Tier1Slim — Two-Tier Voice LLM¶

Tier1Slim is one of two LLM providers Dotty can use for the voice path; the other is ZeroClawLLM (full agent runtime, single tier). Tier1Slim splits the work in two:

Inner loop — every plain conversational turn goes directly to a small, fast model (default: qwen3.5:4b against a local llama-swap endpoint), no bridge round-trip. Warm latency is well under 1 s.
Escalation — when the small model emits a structured tool_call, Tier1Slim POSTs the call to the bridge's /api/voice/escalate endpoint, which dispatches to ZeroClaw memory, the 27 B thinker, or a firmware MCP tool, then streams the final answer back through TTS.
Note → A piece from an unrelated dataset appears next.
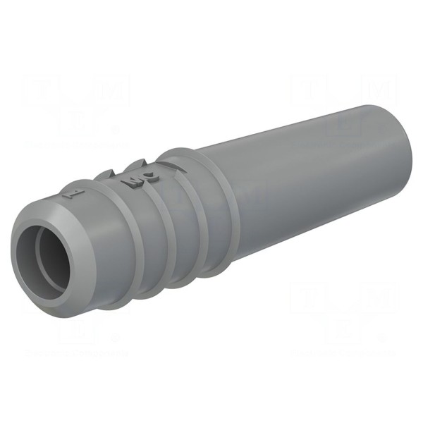 Obudowa typu gniazdo przeznaczona jest do wtyków bananowych o rozmiarze 2mm. Element charakteryzuje się długością całkowitą wynoszącą 16mm i wykonany jest w kolorze szarym.
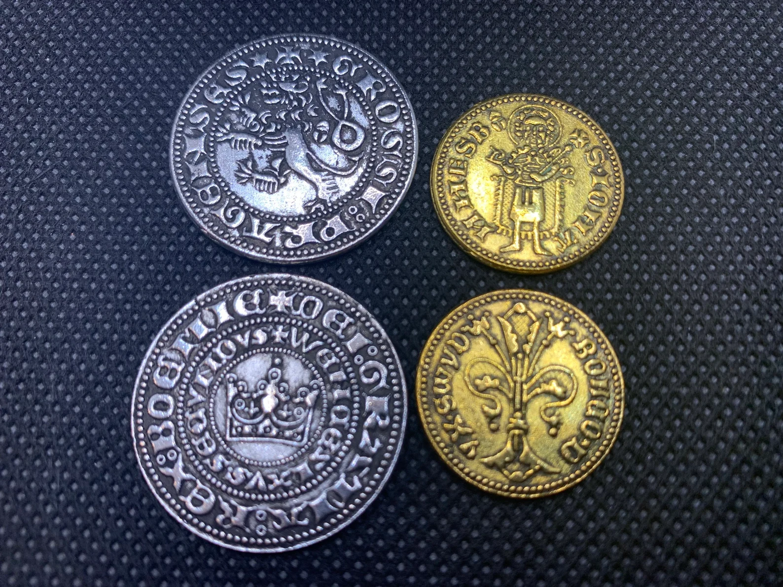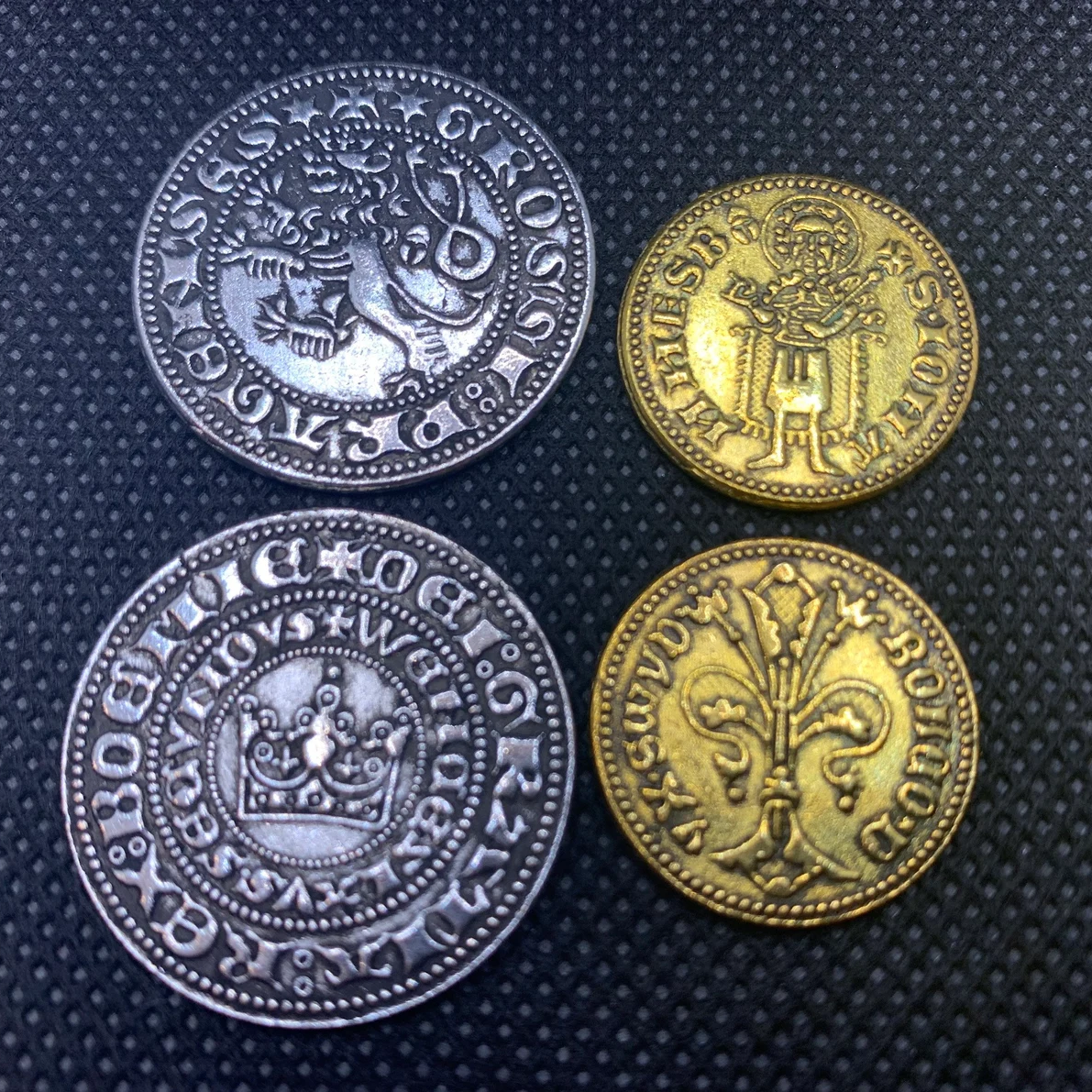 Golonko is an Etsy store that sells game tokens. Their coin offerings include a really beautiful set of one 28mm silver and one 21mm gold coin modeled on the Prague grosch and Hungarian florin.

The provider is selected with selected_module.LLM: Tier1Slim in .config.yaml. Source: custom-providers/tier1_slim/tier1_slim.py.

When to use it¶

You want	Use
Snappy chitchat ("what colour is the sky?") under 1 s	Tier1Slim
Every voice turn to go through a full agent loop (memory, multi-step reasoning, tool chains)	`ZeroClawLLM`
Voice path that can hot-swap between local and cloud backends with no daemon restart	Tier1Slim

Bridge code reads DOTTY_VOICE_PROVIDER to know which path is live. "zeroclaw" (default) means smart-mode flips rewrite ZeroClaw's TOML and restart the daemon; "tier1slim" means smart-mode flips call /xiaozhi/admin/set-tier1slim-model to hot-swap the live provider in xiaozhi-server.

Models and routing¶

                    selected_module.LLM = Tier1Slim
                                │
                                ▼
                Tier1Slim (custom-providers/tier1_slim/)
                                │
            ┌───────────────────┴────────────────────┐
            │                                        │
   No tool_calls emitted                  tool_calls emitted
            │                                        │
            ▼                                        ▼
   llama-swap (default)                  POST /api/voice/escalate
   qwen3.5:4b @ :8080/v1                 ──→ bridge.py
   ~500 ms warm                                      │
                                  ┌─────────────────┼─────────────────┬─────────────┐
                                  ▼                 ▼                 ▼             ▼
                          memory_lookup       think_hard          play_song    take_photo
                          (ZeroClaw FTS)      (qwen3.6:27b-think) (firmware)   (VLM via bridge)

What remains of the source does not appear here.